Check With Your Rearview Mirror and Your Conscience before Proceeding

I had no time to think; I just had time to skid to a stop in the truck I was driving, not even taking a second to check the rearview mirror. Moments after my foot connected with the brake, I heard brakes squealing and tires skidding, but the sound wasn’t coming from my automobile. All of this commotion came from the diesel truck behind me, a man in a hurry who was apparently following too closely. The entire situation unnerved me, but, realizing that I hadn’t felt any impact, I decided to continue on my way. As soon as I parked, however, I checked the back of the truck and was relieved to find no marks. This wasn’t my car, you see; I was on my way to feed a friend’s animals while he was out of town, and it was his truck I was driving.
So you can imagine my alarm when, a few days later, Lauren and I arrived home late at night and the headlights of our van caught the back of the truck. “Oh! There’s a dent in Mr. U’s truck, huh?” Lauren asked. I looked in horror—and then looked again. My mind immediately went back to the sudden stop…the squealing brakes…the near miss…only now I wondered, “Was I actually hit?” I spent the next few days debating about what to do.
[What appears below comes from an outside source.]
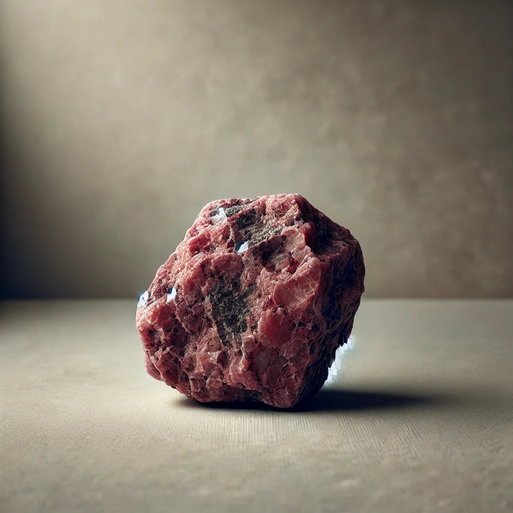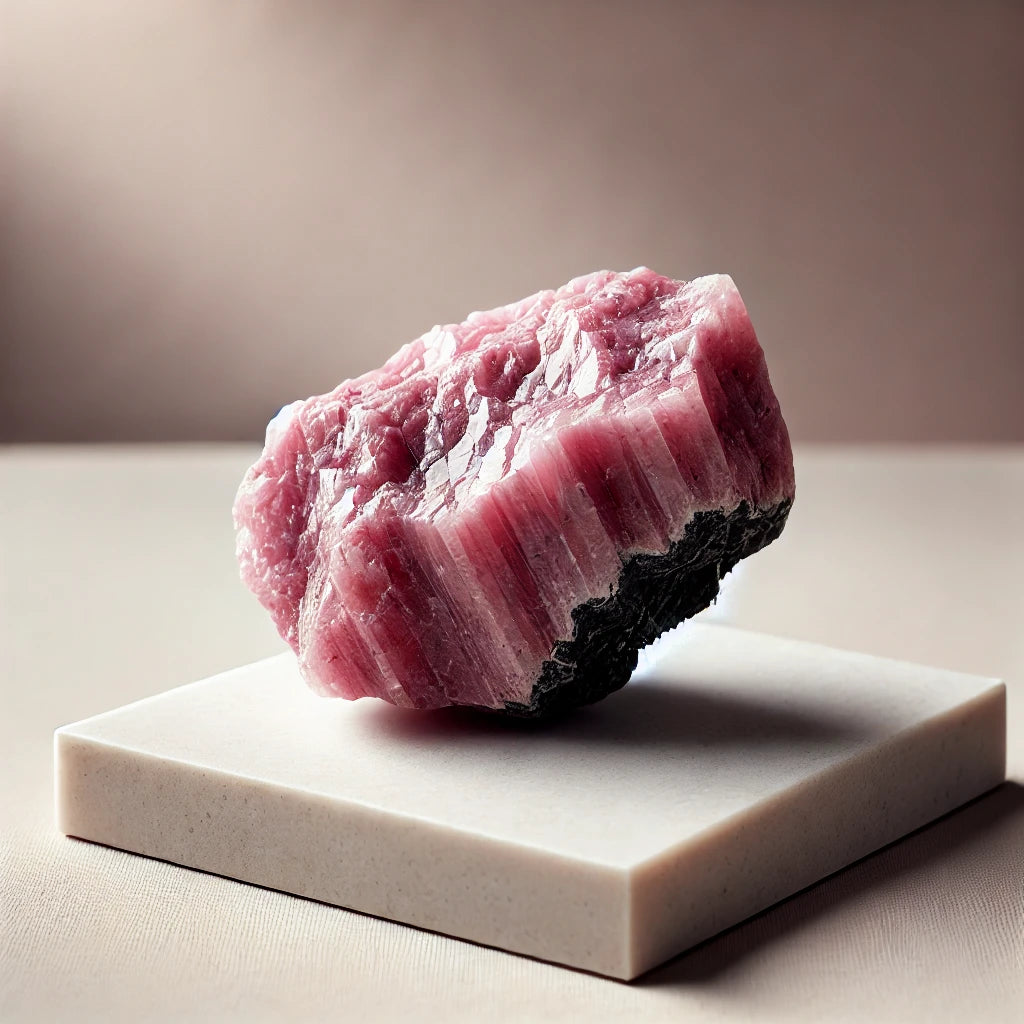 Der Rhodonit wird für seine außergewöhnliche Farbgebung und symbolische Tiefe geschätzt. Mit seinen zarten Rosatönen, durchzogen von dunklen Adern, verkörpert er eine kraftvolle Verbindung von Eleganz und Natürlichkeit.

On the one hand, I didn’t feel any impact; I did check the back; and Mr. U probably wouldn’t notice. On the other hand, why was this bothering me if there was no reason to worry? Moreover, if no damage had occurred at that moment seared into my memory, the dent would still be my fault, because that would mean it had happened after the incident, and thus under my watch. Finally, if I took care of this now, I would find out authoritatively whose fault the dents were. Eventually, I knew, my conscience would get to me, and I would confess; wouldn’t it be easier to just do it now rather than wait, say, ten years? What if I found, after enduring the torment of a damaged conscience for several years, that none of this had been my fault anyways? With all of these good reasons to admit my mistake, however, I am ashamed to say that I hesitated. Why was it not an automatic action for me to disclose any possible damage I may have caused to this man’s property? The answer to that is, unfortunately, very easy: I have a sin nature as large as the next person, and Satan fought a hard battle to get me to follow that nature. However, God has instilled a new nature in me, and in I Corinthians 10:13 He promises, “There hath no temptation taken you but such as is common to man: but God is faithful, who will not suffer you to be tempted above that ye are able; but will with the temptation also make a way to escape, that ye may be able to bear it.”
God won the battle in my soul, and Satan was defeated. I showed Dad the marks, and he agreed that he didn’t recall seeing the damage when Mr. U showed us the truck before he left. Dad also said that it would cost around $1000 to fix it. Determinedly, I included the details in my summary letter to Mr. U, but I heard nothing from him for two days. As Dad said, “it seems that if it really wasn’t your fault, he would have called the same day to reassure you.” However, yesterday, I checked my cell voicemail, and discovered a message from Mr. U. He said, “You were worried about the dent in the truck, but unfortunately, it’s been there for over a year.”
You can’t imagine how I was praising God at that moment! I was fully prepared to pay the $1000, but He saw fit to bless me, and provide me with yet another incentive to trust Him instantly next time by practicing integrity and honesty. When faced with situations like this, I would encourage all of you to try something I have found helpful. Ask yourself, “What is the worst that could happen if I confess this? What am I afraid of?” The Devil doesn’t want you to think reasonably or sensibly in matters like this, because if you do, you’ll realize, “the worst that could happen would be paying $1000” or “the worst that could happen would be the humiliation I will experience.” Most often, one will not even lose anyone’s respect by confessing; in fact, courageously taking responsibility for one’s actions often brings more respect. So that was my spiritual battle of the week. What was yours? Have you won it yet?
Oh, by the way—always check the rearview mirror before you brake; it sure saves a lot of trouble.

4 comments:

  1. Mikaela,
    Thanks for sharing about this recent "battle." A good reminder to always do the right thing and sooner rather than later.
    Some of my biggest struggles have been in this area of cleaning up my "dirty" conscience. Yet, as I have chosen honesty and obedience, I have found that God has honored me with freedom and forgiveness. I still struggle in this area, but God has over and over again proven Himself faithful as I trust and obey.
    Thanks again!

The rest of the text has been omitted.